If it's only an elderly woman living along (with a couple servants) in a giant house, it's not totally impossible that the borrowers could remain unseen, since most of the house would only rarely have someone in it.

[identity profile] darksakura.livejournal.com 2010-09-15 06:16 pm (UTC)(link)
Was that the original name of The Littles? At any rate, it sounds cute. I'd like to see it.

[identity profile] dvarin.livejournal.com 2010-09-16 06:58 am (UTC)(link)
There was a house constructed for the borrowers at one point in the books, but it was in a totally different context and also two books later.
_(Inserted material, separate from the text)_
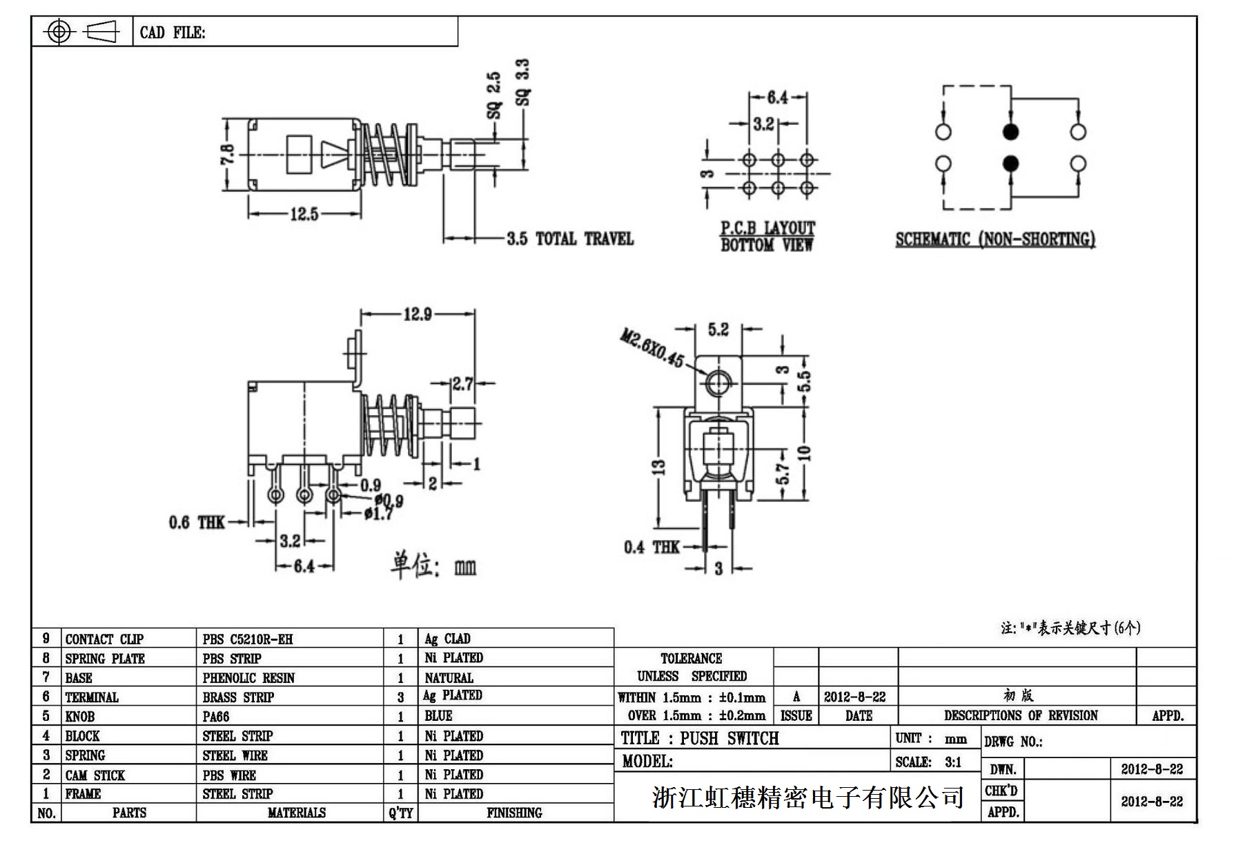 側按直鍵開關技術指標

In the mansion there was no such thing IIRC. In the books I don't think the reason the Clock family has to move was tied to one person, it was just an event.

For reading, I don't remember. It may have never been mentioned--certainly it wasn't obvious or had any attention called to it.

[identity profile] eub.livejournal.com 2010-09-16 07:33 am (UTC)(link)
In the books they had written material and writing material available. But I think Arrietty was the only one of the family who could read and write? I don't remember how she managed that.

[identity profile] catbus.livejournal.com 2010-09-16 09:24 am (UTC)(link)
Haha oh hey I remember when we went to that burger place and theater to watch ponyo. How funny.
I wanna see it....

[identity profile] isamum.livejournal.com 2010-09-16 09:25 am (UTC)(link)
If I'm not mistaken, "The Littles" is a different series by a different author.

[identity profile] darksakura.livejournal.com 2010-09-16 08:55 pm (UTC)(link)
Oh, that might very well be! The premise is similar, though, it seems.